• Excerpted records:
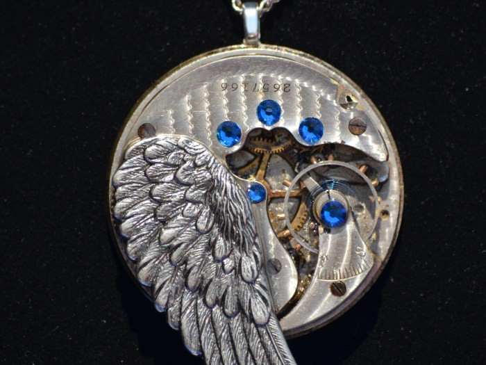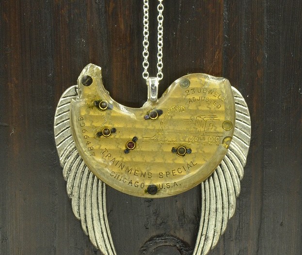 This is just a pendant that is made from a large plate from the movement of a Trainmen’s special pocket watch. That plate has been coated in resin and has two metal wings attached to either side. There is a silver plated bail on the […]
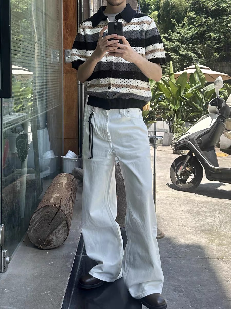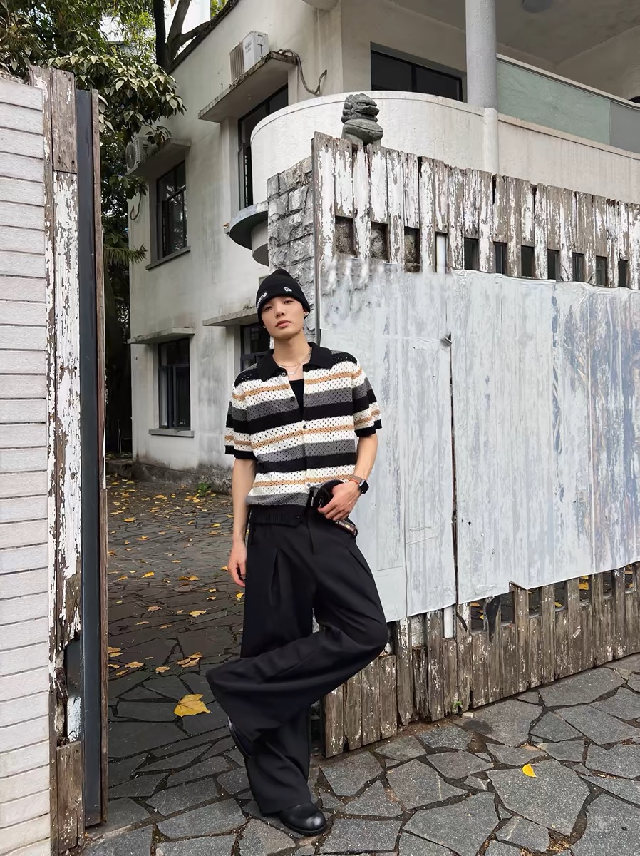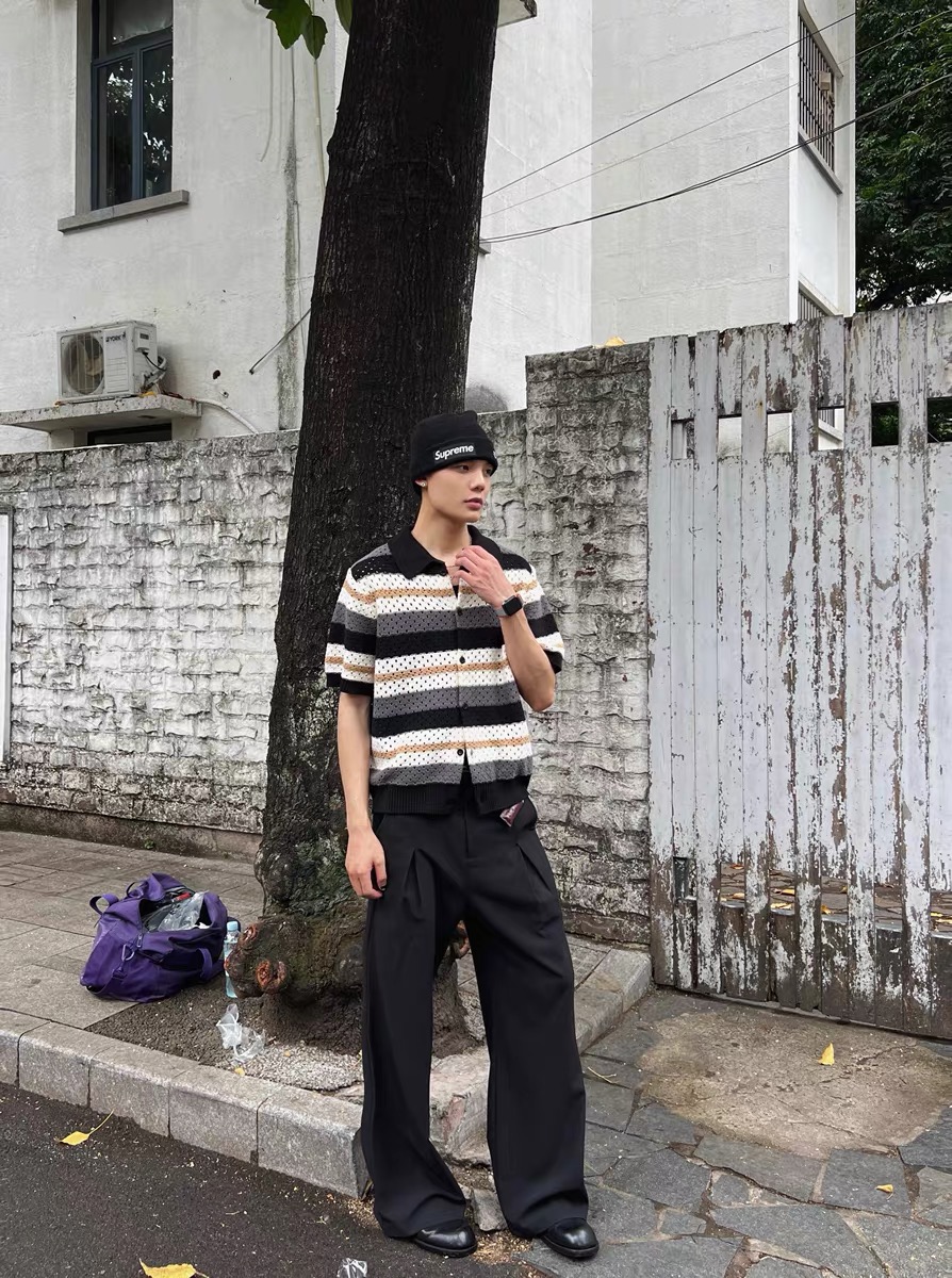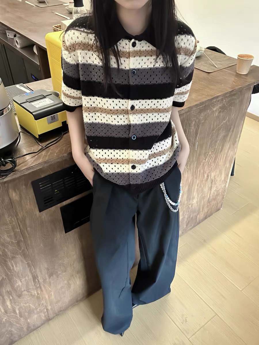 남성용 니치 트렌디 할로우 스트라이프 팽창 코튼 니트 반팔 가디건 여름 신작 올드 머니 스타일 숄더 박시 탑스토어 가기
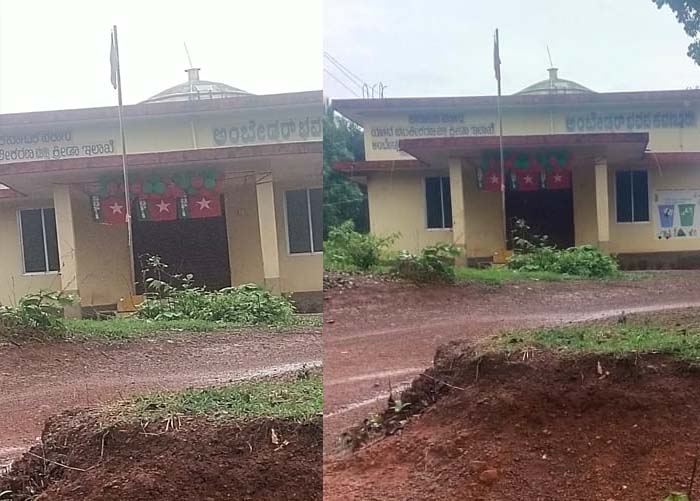 ಎಸ್ ಬಿ ಪಿ ಐ ಪಕ್ಷದ ಕಾರ್ಯಕ್ರಮ ಒಂದರ ಹಿನ್ನೆಲೆಯಲ್ಲಿ ನಿನ್ನೆ ಅಂಬೇಡ್ಕರ್ ಭವನ ಮತ್ತು ಅದರ ಎದುರು ಇರುವ ದ್ವಜಸ್ತಂಭದಲ್ಲಿ ಎಸ್ ಡಿ ಪಿ ಐ ಪಕ್ಷದ ಧ್ವಜವನ್ನು ಹಾರಿಸಿರುವುದು ನಿನ್ನೆ ಸಂಜೆ ವೇಳೆ ಕಂಡು ಬಂದಿದೆ.
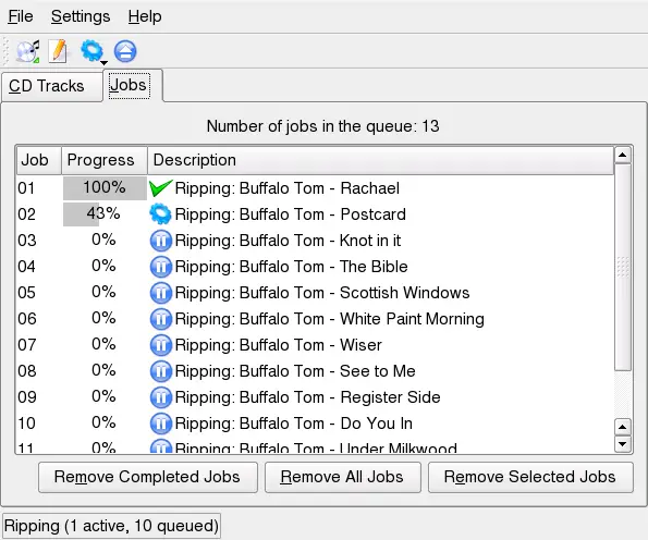 started, it lists all the tracks of your CD in the tab. Select the tracks to rip and encode.
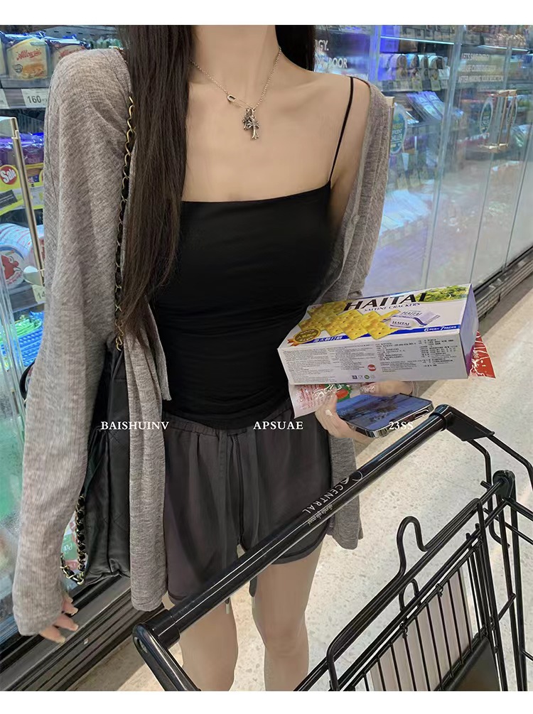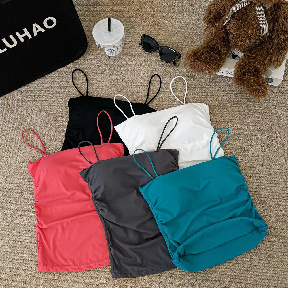 Comes-in-style 가슴 패드 조끼 슬링 여성 외부 확장 아이스 실크 만화 가슴 공개 가슴 대형 내부 착용 아우터 웨어 슬림 핏 탑

• Task: Copy each entry exactly as written. Images should not appear in the copy.

• Task response:
 This is just a pendant that is made from a large plate from the movement of a Trainmen’s special pocket watch. That plate has been coated in resin and has two metal wings attached to either side. There is a silver plated bail on the […]
 남성용 니치 트렌디 할로우 스트라이프 팽창 코튼 니트 반팔 가디건 여름 신작 올드 머니 스타일 숄더 박시 탑스토어 가기
 ಎಸ್ ಬಿ ಪಿ ಐ ಪಕ್ಷದ ಕಾರ್ಯಕ್ರಮ ಒಂದರ ಹಿನ್ನೆಲೆಯಲ್ಲಿ ನಿನ್ನೆ ಅಂಬೇಡ್ಕರ್ ಭವನ ಮತ್ತು ಅದರ ಎದುರು ಇರುವ ದ್ವಜಸ್ತಂಭದಲ್ಲಿ ಎಸ್ ಡಿ ಪಿ ಐ ಪಕ್ಷದ ಧ್ವಜವನ್ನು ಹಾರಿಸಿರುವುದು ನಿನ್ನೆ ಸಂಜೆ ವೇಳೆ ಕಂಡು ಬಂದಿದೆ.
 started, it lists all the tracks of your CD in the tab. Select the tracks to rip and encode.
 Comes-in-style 가슴 패드 조끼 슬링 여성 외부 확장 아이스 실크 만화 가슴 공개 가슴 대형 내부 착용 아우터 웨어 슬림 핏 탑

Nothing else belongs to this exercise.